Rappelons que les hôpitaux auront l'obligation d'administrer l'aide médicale à mourir, contrairement aux maisons de soins palliatifs. Les médecins qui ne souhaitent pas prodiguer l'euthanasie auront eux aussi le droit de se retirer.

Aucun vote prévu

Au Centre intégré universitaire de santé et de services sociaux de l'Estrie - Centre hospitalier universitaire de Sherbrooke (CIUSSS de l'Estrie - CHUS), on se fait avare de commentaires, mais on réaffirme que l'établissement agira en fonction des règles qui lui seront dictées par le ministère. Aucun vote comme celui tenu au CHUM n'est par ailleurs prévu pour l'instant et le Conseil des médecins, dentistes et pharmaciens ne s'est pas réuni pour en discuter.

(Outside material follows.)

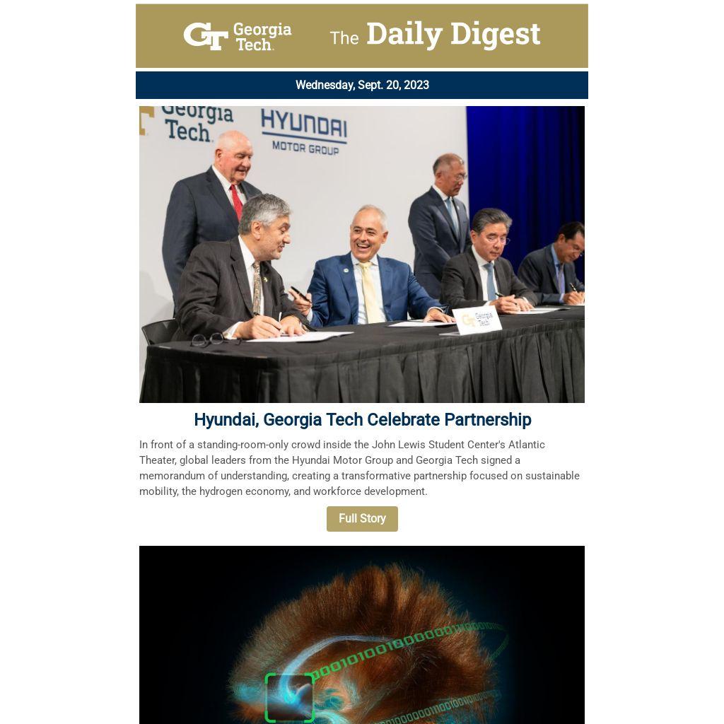 In front of a standing-room-only crowd inside the John Lewis Student Center's Atlantic Theater, global leaders from the Hyundai Motor Group and Georgia Tech signed a memorandum of understanding, creating a transformative partnership focused on sustainable mobility, the hydrogen economy, and workforce development.

«On est en quelque sorte un satellite du ministère, on doit appliquer les règles. Comment ce sera fait, c'est ce qui reste à confirmer» a souligné la responsable des communications, Annie-Andrée Émond.

Front commun non planifié

Mme Bécotte assure qu'aucun mot d'ordre n'a été donné par l'Alliance des maisons de soins palliatifs, et ce, malgré la position unanime de ses membres. Elle soutient que l'aide médicale à mourir va simplement à l'encontre de la philosophie de ce genre d'établissements qui prône l'accompagnement du patient jusqu'à la fin de sa vie.

«Quand on arrive à bien soulager les douleurs, l'aide médicale à mourir n'est pas nécessaire, maintient-elle. La loi, c'est pour l'exception.»

Toujours est-il que la position de la Maison Aube-Lumière n'est pas définitive. Mme Bécotte n'écarte pas complètement la possibilité d'intégrer l'aide médicale à mourir dans les services de la maison.

«L'ouverture, c'est de regarder ce que ça implique. En tant que gestionnaire, j'ai l'obligation d'au moins évaluer cette possibilité», résume-t-elle.